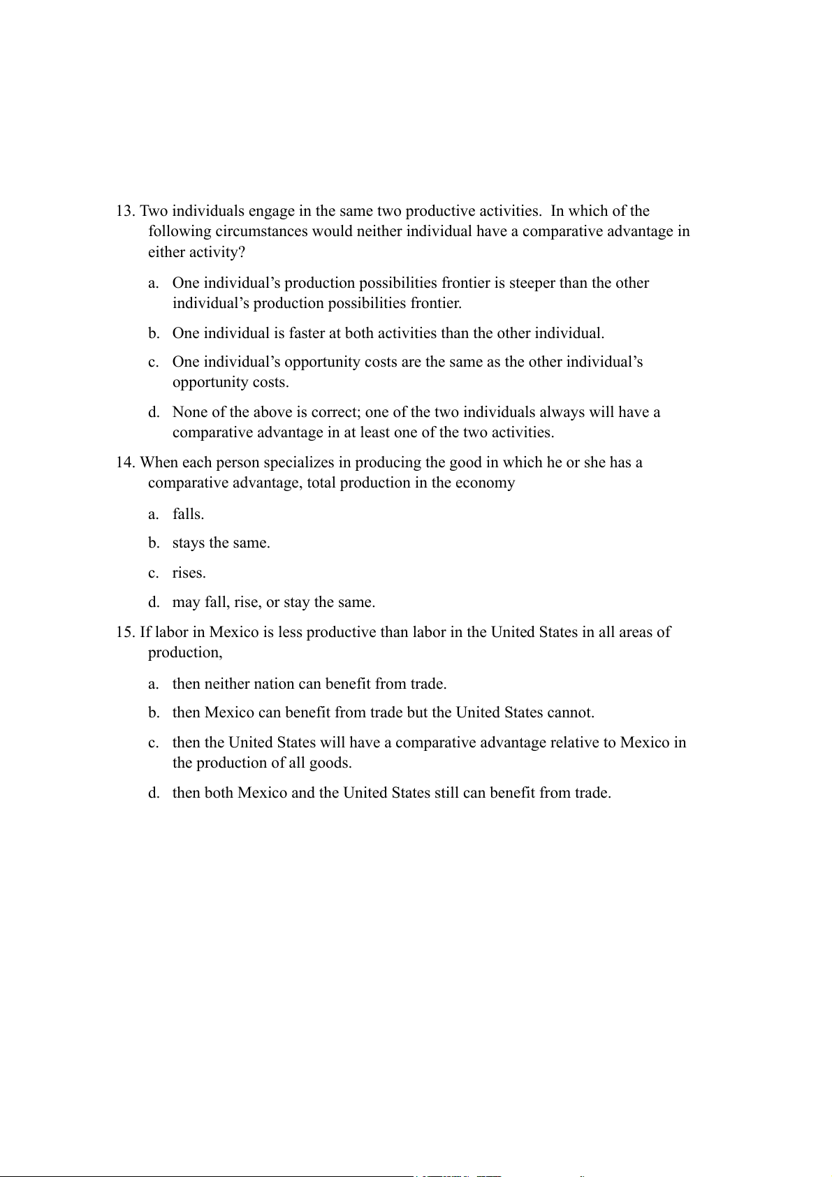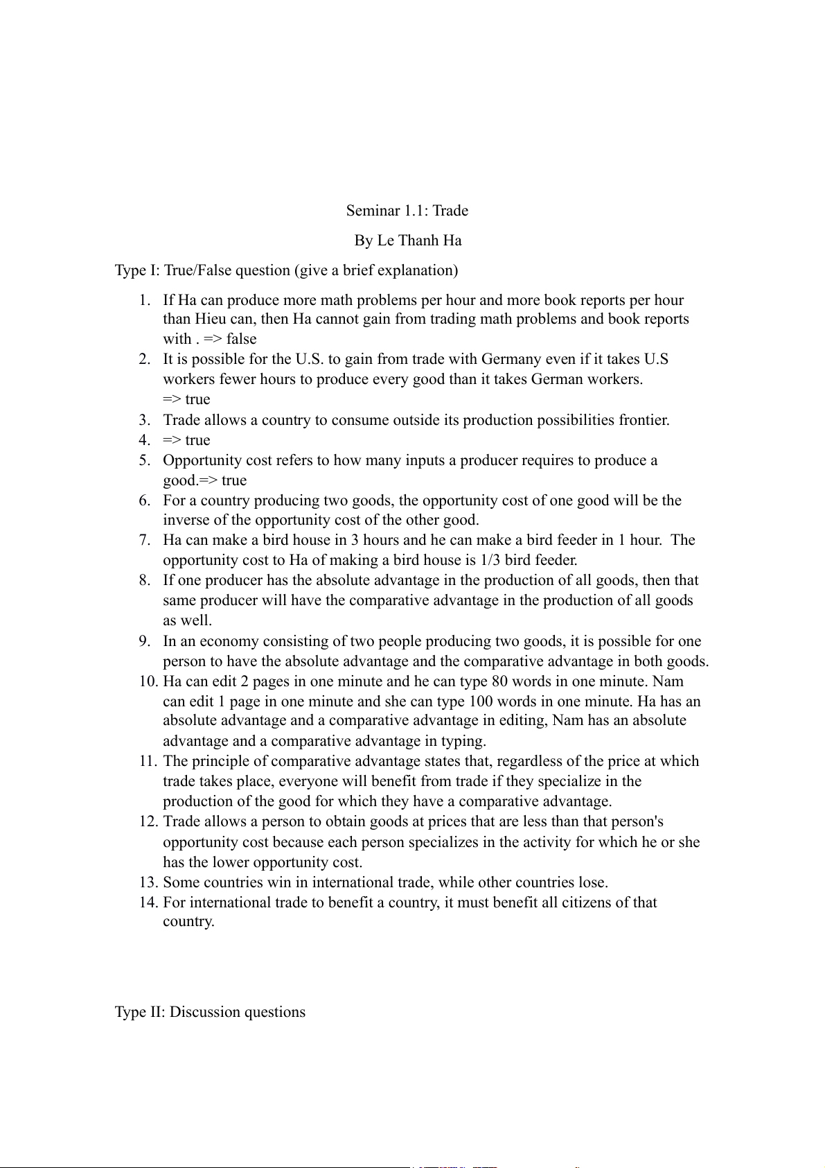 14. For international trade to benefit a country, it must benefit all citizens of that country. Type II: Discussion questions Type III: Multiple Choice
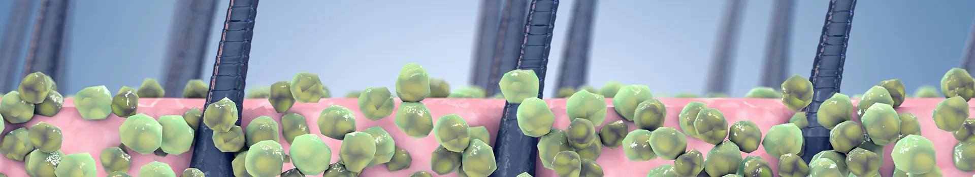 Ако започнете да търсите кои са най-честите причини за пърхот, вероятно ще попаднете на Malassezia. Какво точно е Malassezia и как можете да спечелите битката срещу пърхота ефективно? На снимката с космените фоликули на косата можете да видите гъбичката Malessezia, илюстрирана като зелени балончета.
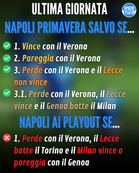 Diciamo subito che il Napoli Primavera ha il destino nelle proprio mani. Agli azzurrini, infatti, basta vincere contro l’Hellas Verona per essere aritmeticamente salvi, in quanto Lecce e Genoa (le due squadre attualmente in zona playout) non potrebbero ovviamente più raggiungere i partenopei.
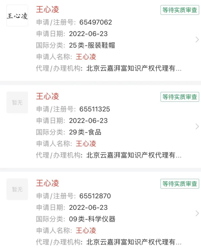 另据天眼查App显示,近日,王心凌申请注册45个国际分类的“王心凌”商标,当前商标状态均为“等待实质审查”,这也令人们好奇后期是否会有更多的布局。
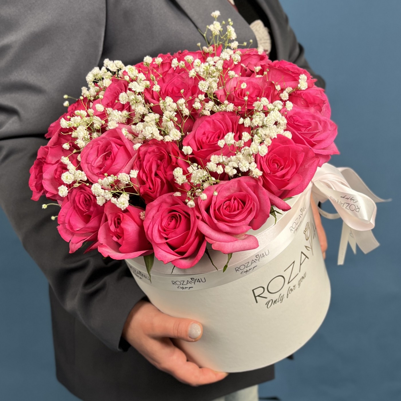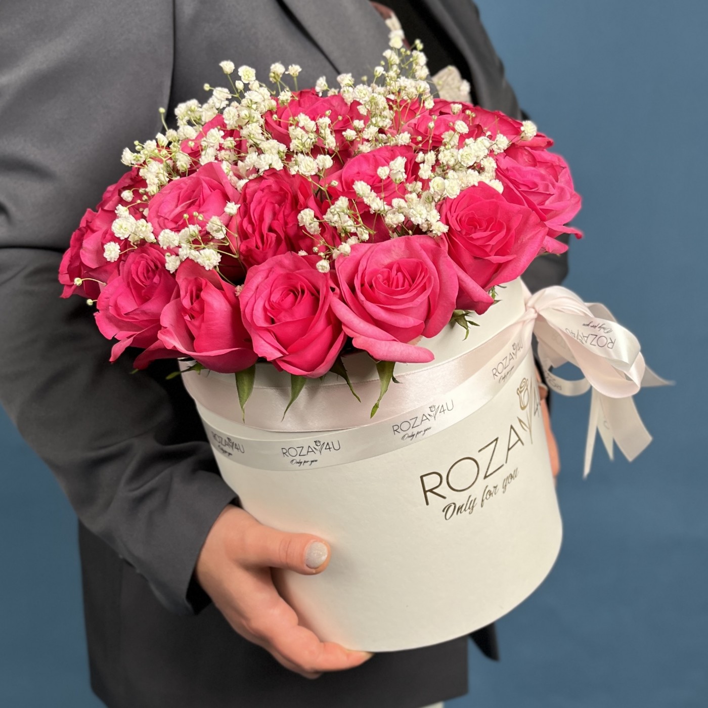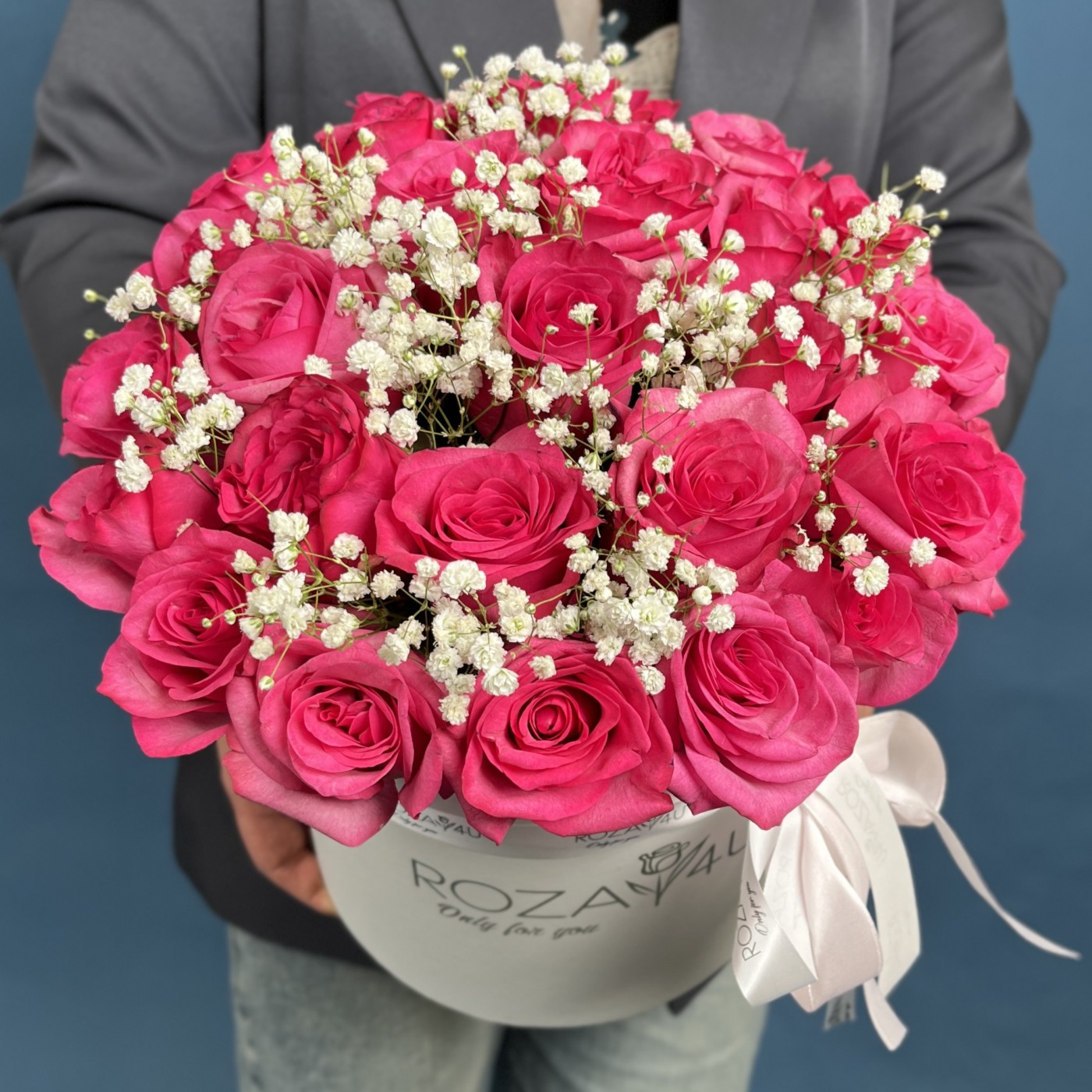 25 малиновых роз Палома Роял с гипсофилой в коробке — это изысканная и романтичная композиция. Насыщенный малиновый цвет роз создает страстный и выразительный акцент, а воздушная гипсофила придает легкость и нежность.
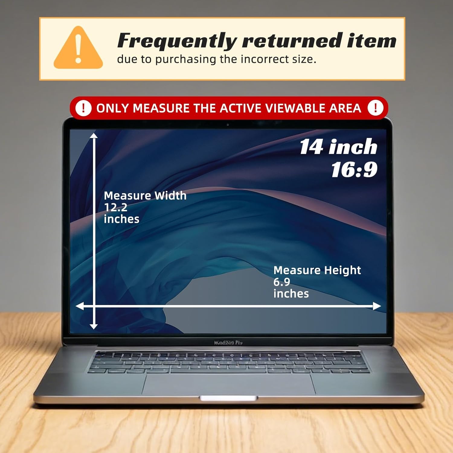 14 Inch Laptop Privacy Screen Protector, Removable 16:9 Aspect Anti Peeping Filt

_Your assignment_.
Your job is to copy each entry exactly as written; the pictures do not go in.

_Exercise response_.
 14. For international trade to benefit a country, it must benefit all citizens of that country. Type II: Discussion questions Type III: Multiple Choice
 Ако започнете да търсите кои са най-честите причини за пърхот, вероятно ще попаднете на Malassezia. Какво точно е Malassezia и как можете да спечелите битката срещу пърхота ефективно? На снимката с космените фоликули на косата можете да видите гъбичката Malessezia, илюстрирана като зелени балончета.
 Diciamo subito che il Napoli Primavera ha il destino nelle proprio mani. Agli azzurrini, infatti, basta vincere contro l’Hellas Verona per essere aritmeticamente salvi, in quanto Lecce e Genoa (le due squadre attualmente in zona playout) non potrebbero ovviamente più raggiungere i partenopei.
 另据天眼查App显示,近日,王心凌申请注册45个国际分类的“王心凌”商标,当前商标状态均为“等待实质审查”,这也令人们好奇后期是否会有更多的布局。
 25 малиновых роз Палома Роял с гипсофилой в коробке — это изысканная и романтичная композиция. Насыщенный малиновый цвет роз создает страстный и выразительный акцент, а воздушная гипсофила придает легкость и нежность.
 14 Inch Laptop Privacy Screen Protector, Removable 16:9 Aspect Anti Peeping Filt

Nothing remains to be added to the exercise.